# Ftp



## mr_ed (16. April 2002)

Hallo zusammen,
ich weiß nicht ob das hier richtig ist, aber ich habe folgendes Problem:
Ich benutze WS_FTP und habe auf meinem Server ziemlich viele Verzeichnisse, in denen Dateien sind, welche ich löschen möchte. Allerdings sagt mir das Programm immer ich kann das entsprechende Verzeichnis nicht löschen, da es Unterverzeichnisse bzw. Dateien enthält.Ich habe jedenfalls sch... viele Baumstrukturen auf meinem Server und keine Zeit u.
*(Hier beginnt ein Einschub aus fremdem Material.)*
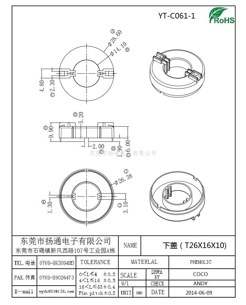 [下一个:磁环外壳 CASE电感护壳底座 基座 T26x16x10 COVER变压器骨架,贴片式骨架 YT-C061上盖]
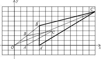 如图,图中的小方格都是边长为1的小正方形,△ABC与△A′B′C′是以点O为位似中心的位似图形,它们的顶点都是在小正方形的顶点上.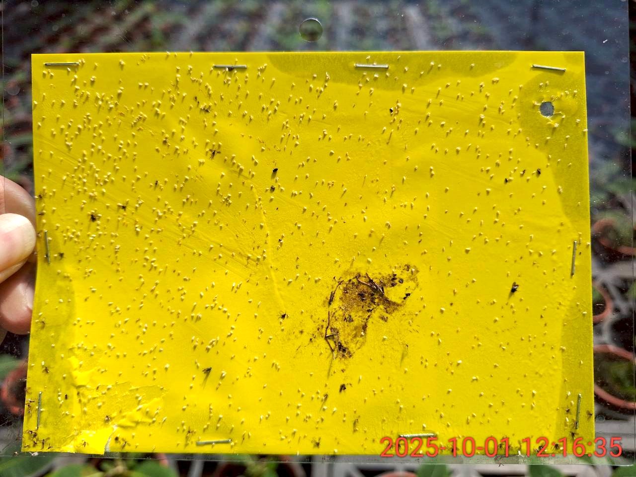 四、黃色黏紙誘殺成蟲及監測密度,懸掛高度以貼近作物上方為宜。單週之粉蝨平均數量達50隻/張時,進行藥劑防治。
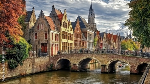 © Puttipong, Naklejka premium Charming Historic Architecture by Waterway in Scenic European Town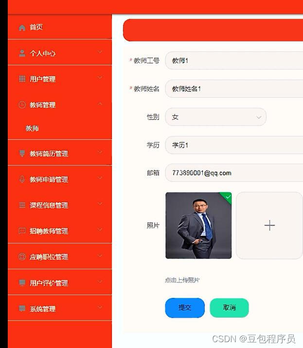 管理员权限如下;首页、个人中心、用户管理、教师管理、教师简历管理、教师申请管理、课程信息管理、招聘教师管理、应聘职位管理、用户评价管理、系统管理;教师后台;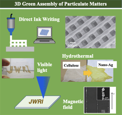 環境・エネルギー問題が地球規模で深刻化する中、本研究分野では環境負荷を大きく減らすようなグリーンプロセス技術の研究開発に取り組んでいます。特に、機能発現の要素となるナノおよびマイクロ粒子に着目し、それらのボトムアップ合成法、およびそれらをビルディングブロックとして所望の2次元、3次元形状に積み上げる造形法の開拓を進めています。さらに、本研究分野で開発されたグリーンプロセス技術を用いて、環境・エネルギー関連材料およびデバイスの創製も行っています。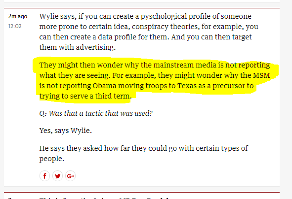 At a news conference on Monday on a linked issue, Wylie declined to answer questions about whether the data was also used in Britain by the campaign to leave the European Union. He said he would discuss the matter when he spoke to lawmakers from Parliament’s media committee on Tuesday.

Lust alle Unterverzeichnisse mühsam zu entleeren bevor ich sie löschen kann.

Gibt es ein Programm das Verzeichnisse auf einem Server löschen kann, auch wenn dort Dateien drin sind?

Danke


----------



## Flex (16. April 2002)

Hm, also ich benutze LeapFTP und hab absolut keine Probleme damit...

Geh einfach auf download.com und such nach LeapFTP...

Da klappt alles... zumindest bei mir 

Have Fun


----------



## mr_ed (17. April 2002)

Puh, ich hatte mich erst verlesen und es mit LeachFTP probiert, hatte nicht geklappt... 
Aber mit LEAP funzt es endlich 
Danke


----------